New insights into turbidity currents and their deposits in channel mouth settings

  • Jonathan Brian Wilkin

Student thesis: Doctoral ThesisDoctor of Philosophy

Abstract

Turbidity currents, are inherently sensitive to changes in topography. This sensitivity means that the hydrodynamic properties of turbidity currents may be rapidly altered either by changes in slope angle or relative changes in confinement. The relative severity of these changes has important implications for the expected hydrodynamic responses of turbidity currents, but also their interactions with the seabed, and their resultant deposits. This thesis investigates the links between hydrodynamics and deposits of high-density turbidity currents (HDTC) within channel-mouth settings, but also how flow deposit interactions drives the formation of submarine lobes. It achieves this by combining multiple complimentary datasets including experimental research of singular and sequential high-density turbidity currents undergoing an abrupt slope break and loss of confinement, sedimentological fieldwork in the Miocene-aged intramontane Tabernas Basin, SE Spain, and a seafloor study focused on two terminating submarine channels located offshore of Senegal.

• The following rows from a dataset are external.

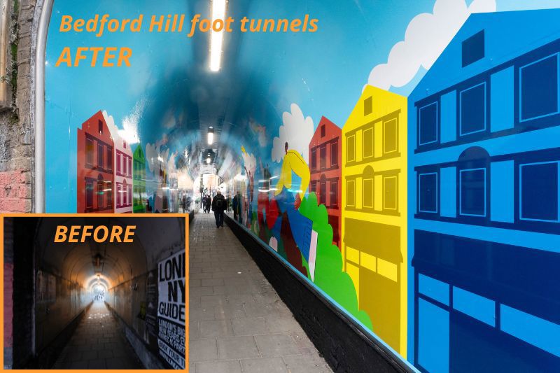 In Balham, the once dark Bedford Hill pedestrian tunnels have been transformed with bright and bold new artwork, lighting repairs and railing planters, turning this route into a more attractive route and landmark for pedestrians.
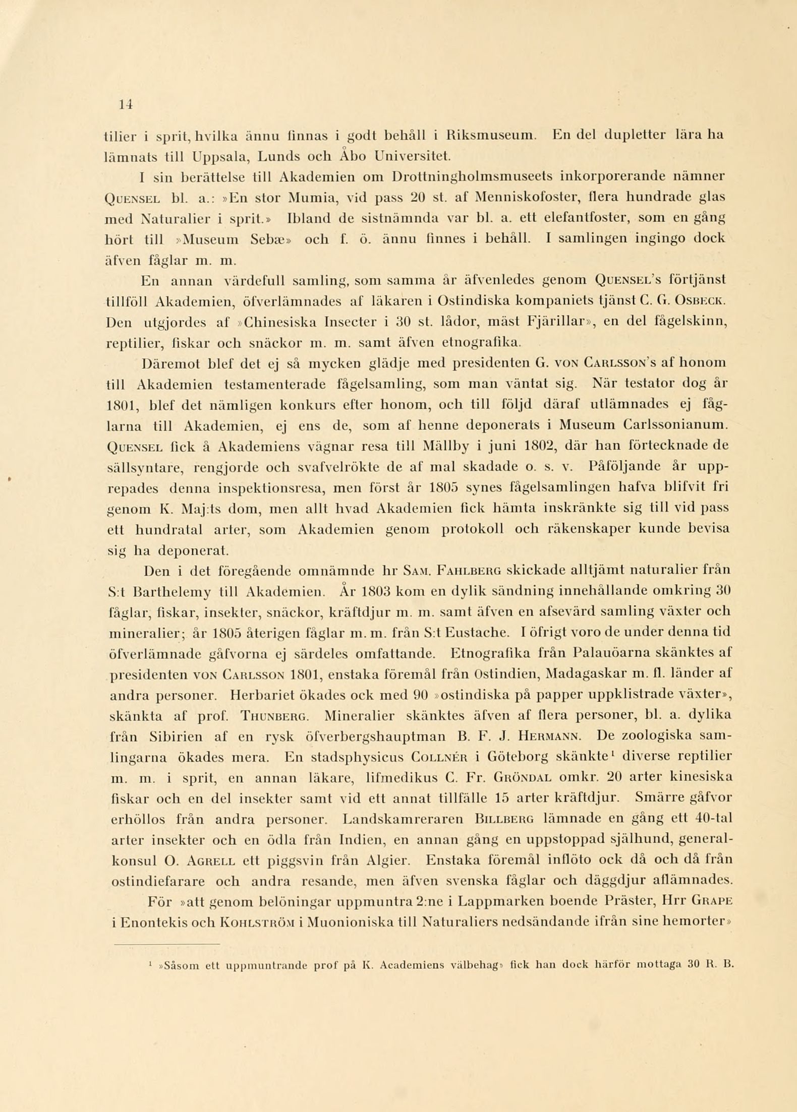 En annan värdefull samling, som samma år äfvenledes genom Quensel’s förtjänst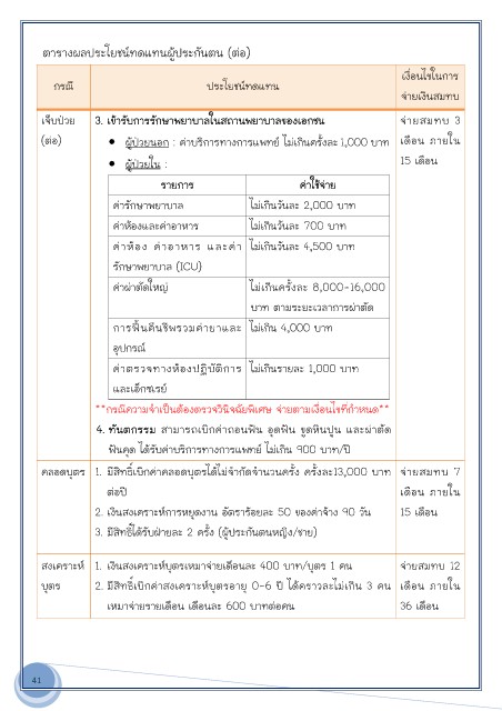 ตารางผลประโยชนทดแทนผูประกันตน (ตอ)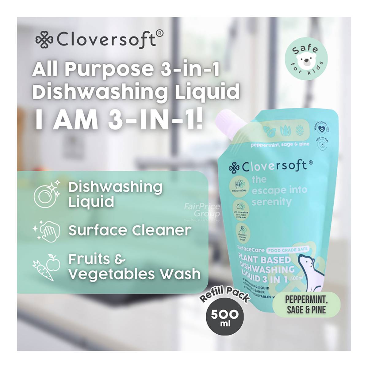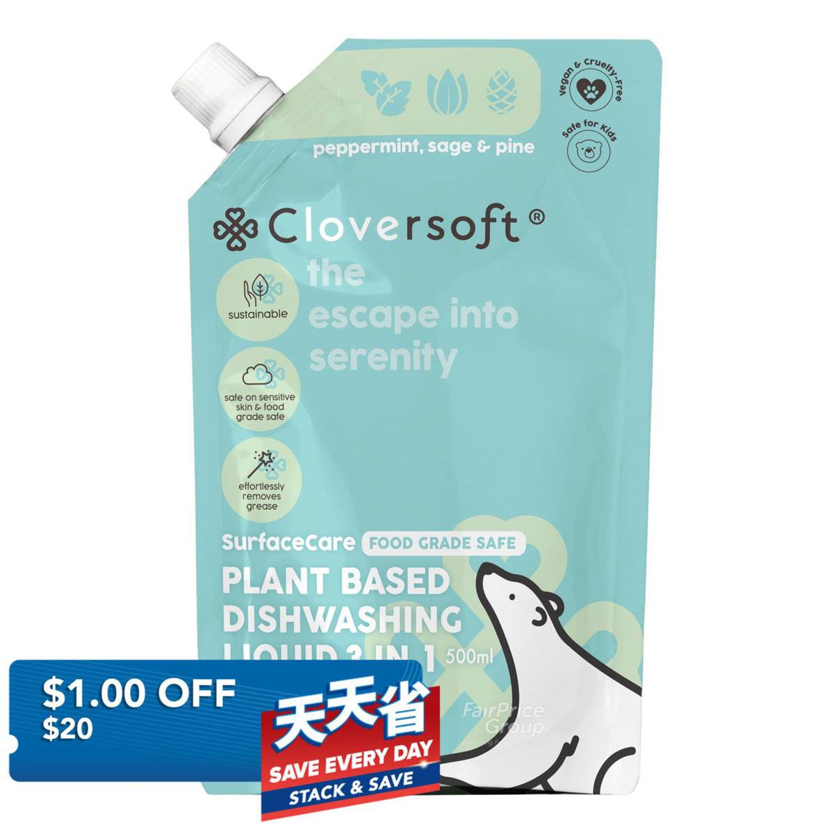 Cloversoft Dishwashing Liquid Refill – Peppermint, Sage & Pine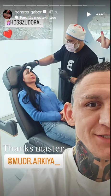 Boráros Gábor és párja, Dóra szépészeti beavatkozáson vettek részt. Ezt az MMA-harcos osztotta meg nemrég 24 óráig elérhető Instagram-történetében. Azt ugyan nem tudni, ő is bevállalta-e...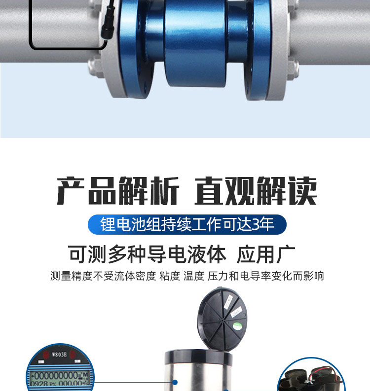 NB遠傳一體鋰電電磁流量計由傳感器、轉換器和NB-IoT通訊模塊組成,是基于電磁流量計技術全新升級的智能化流量計量儀表。該產品采用創新的結構設計和快裝無焊接工藝,磁場分布更合理,測量更精確。內置鋰電池組可提供長達3-6年的持續工作能力,結合NB-IoT低功耗廣域通信技術,實現了真正意義上的無線遠傳計量。無論在苛刻的工業環境還是無外部電源的野外場合,都能穩定可靠地運行,為水利灌溉、城市供水等領域的流量監測提供了完善的解決方案。

Experimental results demonstrate that erosional and bypass features within channel-mouth settings need not be formed by hydraulic jumps. Results describe how HDTCs undergo flow relaxation, a process which elevates their shear velocities causing bypass as their structure collapses towards the bed elevating calculated densimetric Froude numbers. Equally, non-dimensional analysis of the autogenic stacking patterns of submarine-lobe elements finds that lobe-element properties are directly influenced by the interactions of HDTCs with antecedent basin-floor topography. Field results from the Tabernas Basin describe how rapidly transitioning turbidity currents produce complex sedimentological facies. These are characterised by supercritical sediment waves, scours, and high-aspect ratio channels interpreted to have formed within the inner-fan region of a sand-rich submarine fan. Results of the seafloor study links high-resolution geophysical data to a series of sediment cores in order to study the sedimentology, distribution, and hydrodynamic processes that produced a series of unconfined supercritical sediment waves (i.e. net-depositional cyclic steps and antidunes) and large seafloor scours (i.e. isolated, amalgamated, and net-erosional cyclic steps).
Date of Award2024
Original languageEnglish
SupervisorAlan Cuthbertson (Supervisor), Sue Dawson (Supervisor), Dorrik Stow (Supervisor) & Uisdean Nicholson (Supervisor)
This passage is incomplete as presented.